Karen was fortunate enough to be the first patient enrolled in this study, the purpose of which is to identify specific mutations in a patient’s Cancer cells and then to tailor treatment options to same. This was in large part due to her Oncologist, Dr. Howard Lim’s tireless advocacy on Karen’s behalf and to whom we remain grateful for such an opportunity.

Unfortunately for Karen, her cancer make-up showed an extremely aggressive and rare mutation with very bleak prognosis. While this never dampened Karen’s resolve or her will to fight, it made an already difficult battle that much more difficult.

The cost of sequencing a participant’s genomic make-up is extremely high and this trial currently has funding for only 30 patients. In directing donations in Karen’s name to this trial, it is our hope that someday someone else will be afforded an opportunity to partake in this trial and that somehow this trial save the life of even one cancer warrior.

On behalf of Karen’s family, please accept our heartfelt thanks for your donation to the truly remarkable efforts of the BC Cancer Agency.



Background from the BC Cancer Foundation

The objective of the Personalized Genome-Guided Decision Making study is to determine the feasibility of a revolutionary new approach to cancer care.

In the past, chemotherapy drugs for cancer patients have been tested and determined by large-scale randomized clinical trials.

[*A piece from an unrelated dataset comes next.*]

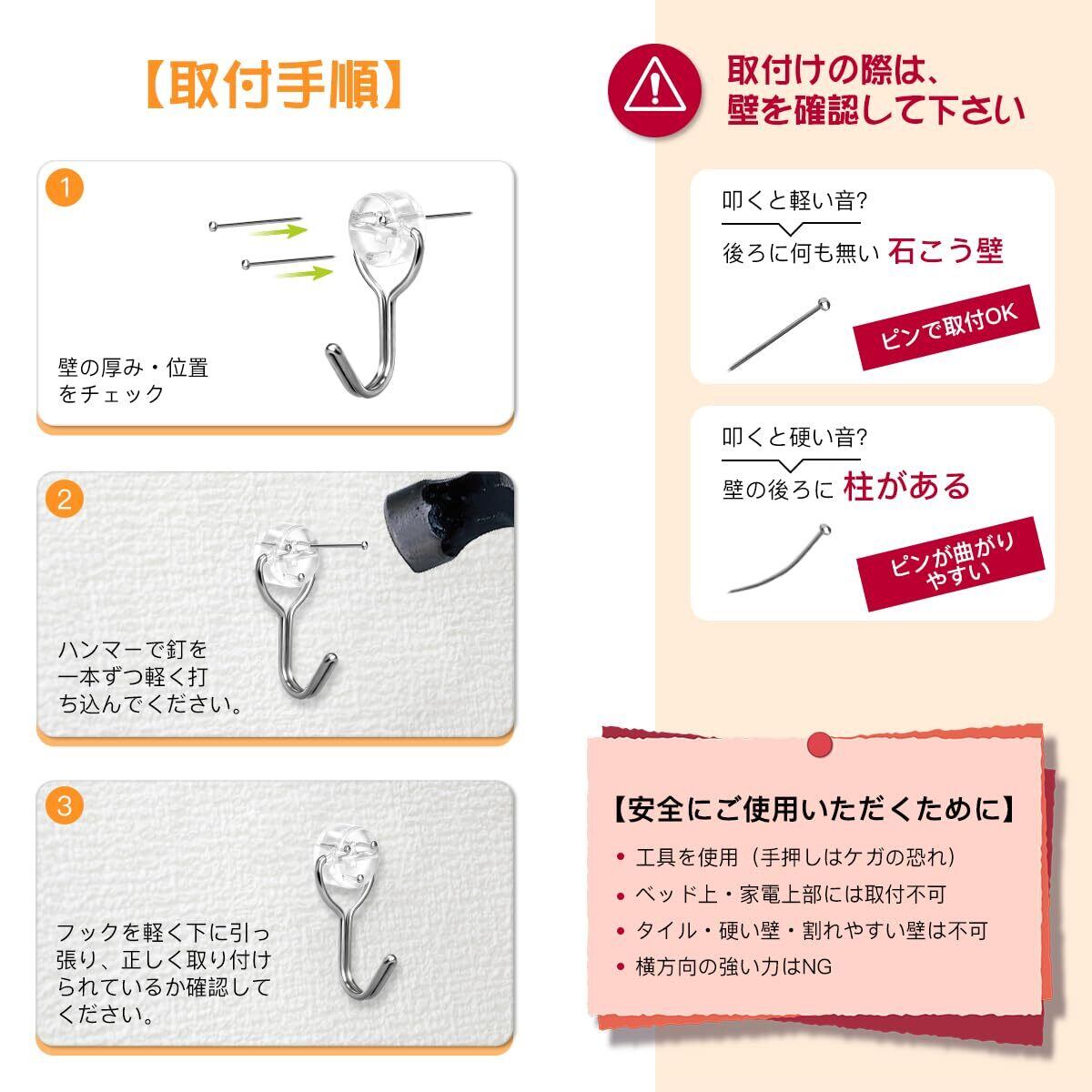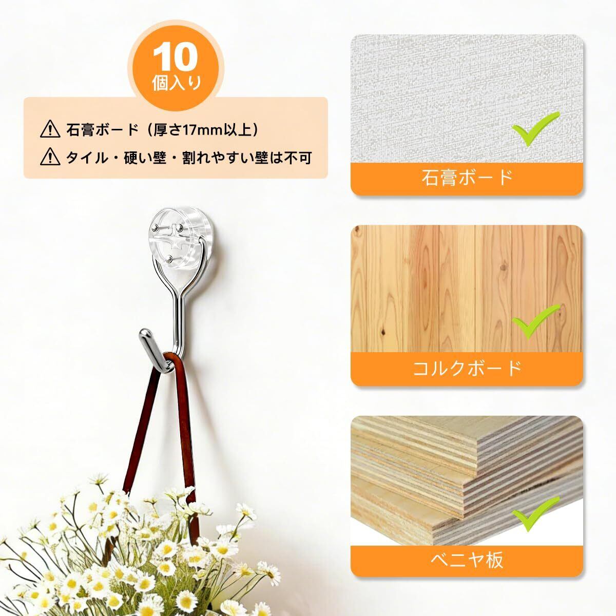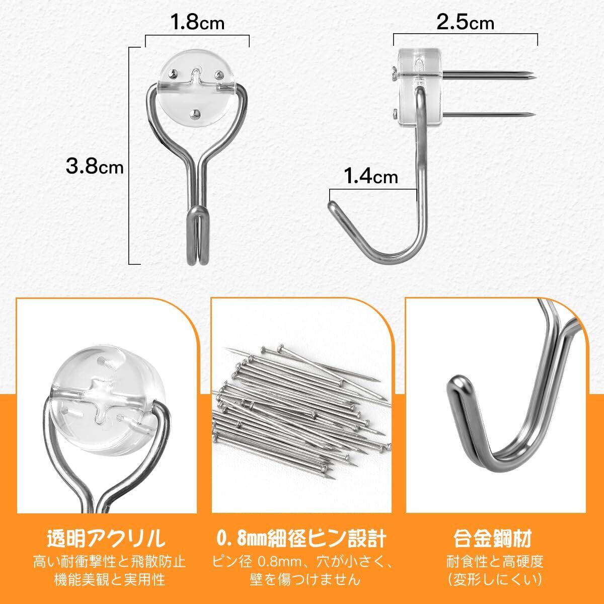 AIEVE 壁掛けフックスリーピンフック 10個入り 石膏ボード ベニヤ 木用フック 耐荷重5kg 壁掛けフックスリーピン クリア壁 透明アクリル 目立たない 小物掛け 傷つけない

This methodology is useful for tumour sites where a critical mass of patients is diagnosed with a similar disease however the same approach does not adequately meet the needs of those patients whose cancers are of a rarer variety or where the primary tumour site cannot be identified. A paradigm shift in cancer care is needed - we need to be able to personalize treatment for the individual patient.

BC Cancer Agency scientists and clinicians have designed a unique study for those patients who have rare, incurable cancers for which no standard chemotherapy regimen exists. This pilot study will use advanced gene sequencing technology to identify genomic mutations or abnormalities specific to the patient's cancer. This information will then be used to identify new drug regimens that target the unique features of the patient's cancer.

Patients will be prescribed a drug regimen to be used in an unprecedented way. By closely monitoring tumour response, investigators will be able to quickly identify patients whose cancers continue to grow in the face of treatment in order to immediately switch to another regimen when possible. This initial pilot study will impact 30 patients.